Troppo spesso, l’economia parte dal concetto di domanda e offerta del mercato. Ciò pone il prezzo al centro della nostra attenzione e ci induce a pensare al successo in termini di aumento del valore dei beni acquistati e venduti.
Al contrario, la "Doughnut Economics" parte dai sistemi essenziali per il funzionamento della nostra casa planetaria e il benessere di ogni persona. Prendendo in considerazione i fondamentali parametri sociali e naturali della vita, la "Doughnut Economics" si interroga anche su come sia possibile disegnare un'economia compatibile con i bisogni di tutte le persone e rispettosa dei mezzi del pianeta vivente. L’idea che un PIL in costante aumento possa soddisfare tali esigenze, nel rispetto di questi mezzi, è del tutto illusoria. È quindi giunto il momento di sostituire il PIL come indicatore di riferimento delle decisioni politiche con una serie di parametri sociali e naturali in grado di riflettere meglio gli elementi essenziali di un’economia fiorente.
In che modo il pensiero sistemico può aiutare a risolvere le problematiche chiave del nostro tempo, ovvero Il cambiamento climatico, la disuguaglianza sociale e le crisi finanziarie?
Fortunatamente, grazie al pensiero sistemico, ora siamo molto più consapevoli dei rischi legati al superamento dei "punti di non ritorno" a livello di clima e sistemi ecologici del pianeta. Ma poiché i decisori politici attuali si sono formati in un'epoca in cui il pensiero sistemico non era materia di studio, questo approccio alla complessità viene raramente tradotto in decisioni politiche e azioni pratiche. Nel susseguirsi quotidiano di avvenimenti e schermaglie politiche, è veramente una sfida far sì che i media, l’opinione pubblica e i politici rispondano rapidamente agli irreversibili effetti dei cambiamenti climatici che siamo sul punto di causare.3
Molti sistemi sociali sono dominati da dinamiche di rafforzamento dei cicli di feedback
La stessa difficoltà si incontra nell'affrontare il tema delle disuguaglianze sociali. Ormai è evidente che molti sistemi sociali sono dominati da dinamiche di rafforzamento dei cicli di feedback. Più si ha, più si ottiene, che si tratti di privilegi, denaro, opportunità o connessioni. Questo meccanismo tende a creare disuguaglianze sociali sempre più ampie e i governi devono adottare un approccio basato sul pensiero sistemico per progettare e intervenire in modo efficace con politiche volte a riequilibrare tali dinamiche.

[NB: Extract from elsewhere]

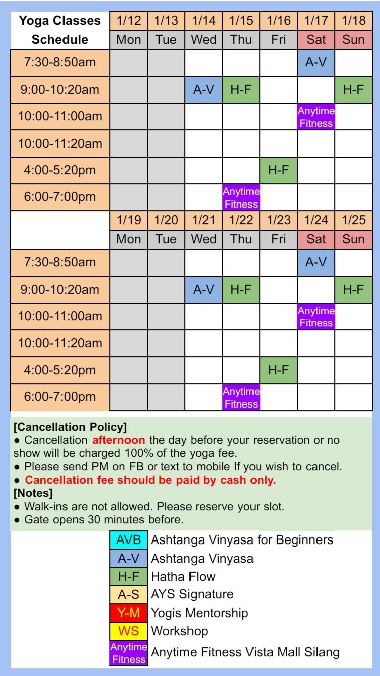 Here is the schedule for Ann Yoga Studio in Silang, Cavite.
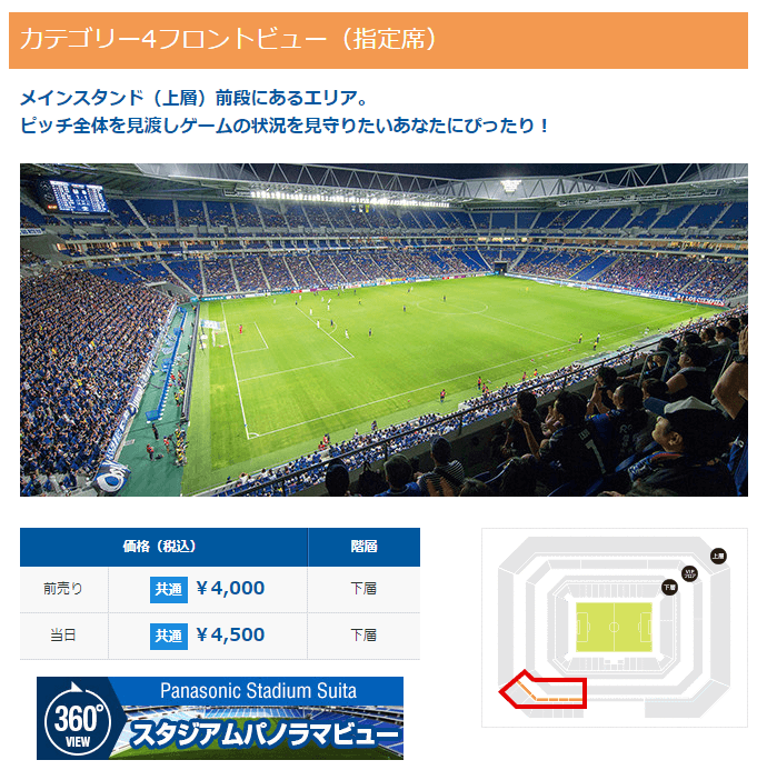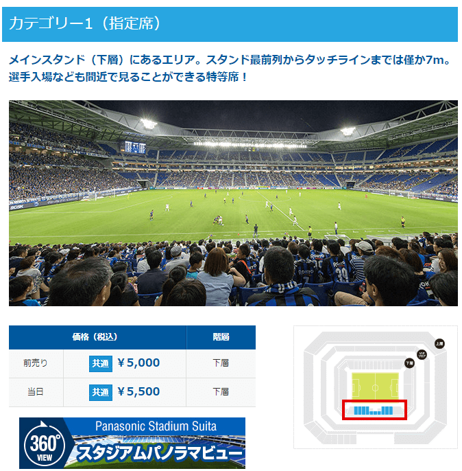 スタンド中層でピッチ全体を見渡すことができ臨場感も味わえます

Il pensiero sistemico dovrebbe trovare una più ampia adozione anche nel mondo della finanza. Alcuni politici, come Gordon Brown e Ben Bernanke, hanno ammesso di aver pensato che le economie fossero entrate in un periodo di "grande moderazione" già prima del 2008. Sia loro che le autorità di vigilanza non avevano intravisto rischi significativi per nessuna banca specifica: a posteriori, si sono resi conto di non aver considerato i collegamenti rischiosi tra le banche. A seguito della conseguente crisi finanziaria, il lavoro di Hyman Minsky ha ottenuto maggiore riconoscimento e il pensiero sistemico è diventato parte integrante della nuova regolamentazione finanziaria grazie al lavoro di alcuni analisti, come Andy Haldane della Bank of England. Ma il sistema finanziario non è ancora stato riformato a sufficienza.
Come si possono strutturare le imprese in modo da favorire lo sviluppo di un sistema economico distributivo e rigenerativo?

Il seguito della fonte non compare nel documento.